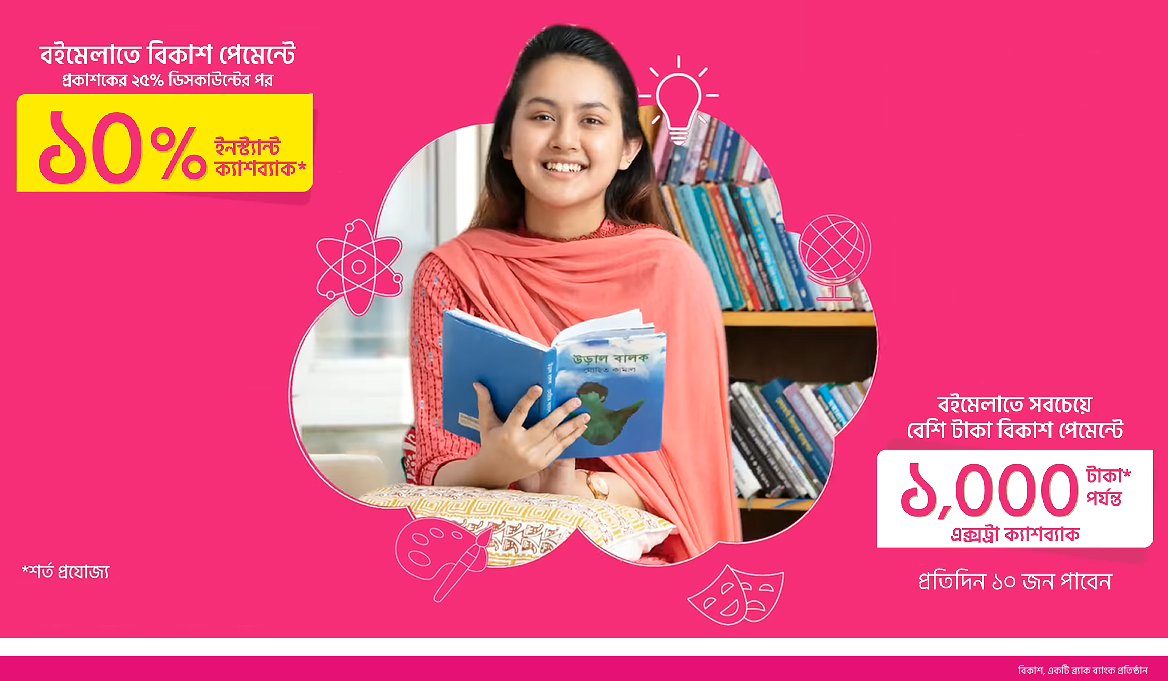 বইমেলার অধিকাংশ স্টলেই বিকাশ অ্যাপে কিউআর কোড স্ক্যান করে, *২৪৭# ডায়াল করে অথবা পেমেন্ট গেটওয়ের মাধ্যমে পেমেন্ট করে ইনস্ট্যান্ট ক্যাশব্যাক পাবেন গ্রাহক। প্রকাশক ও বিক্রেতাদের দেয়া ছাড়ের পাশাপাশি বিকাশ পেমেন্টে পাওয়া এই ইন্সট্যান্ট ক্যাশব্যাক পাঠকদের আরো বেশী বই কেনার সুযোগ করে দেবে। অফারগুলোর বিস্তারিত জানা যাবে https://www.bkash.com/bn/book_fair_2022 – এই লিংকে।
________________________________________
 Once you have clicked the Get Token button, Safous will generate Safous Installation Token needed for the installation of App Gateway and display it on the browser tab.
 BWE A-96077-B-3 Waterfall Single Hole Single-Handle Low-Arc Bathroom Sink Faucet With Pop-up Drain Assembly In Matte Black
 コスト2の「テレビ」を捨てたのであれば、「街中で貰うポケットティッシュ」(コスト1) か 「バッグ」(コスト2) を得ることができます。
________________________________________
* **TASK TO COMPLETE**: Could you repeat exactly the lines in the listing above from the one with "BWE A-96077-B-3 Waterfall" down to the one with "コスト2の「テレビ」を捨てたのであれば、「街中で貰うポケットティッシュ」(コスト1) か 「バッグ」(コスト2)"? Include both of those lines.

* **OUTPUT BELOW**:
 BWE A-96077-B-3 Waterfall Single Hole Single-Handle Low-Arc Bathroom Sink Faucet With Pop-up Drain Assembly In Matte Black
 コスト2の「テレビ」を捨てたのであれば、「街中で貰うポケットティッシュ」(コスト1) か 「バッグ」(コスト2) を得ることができます。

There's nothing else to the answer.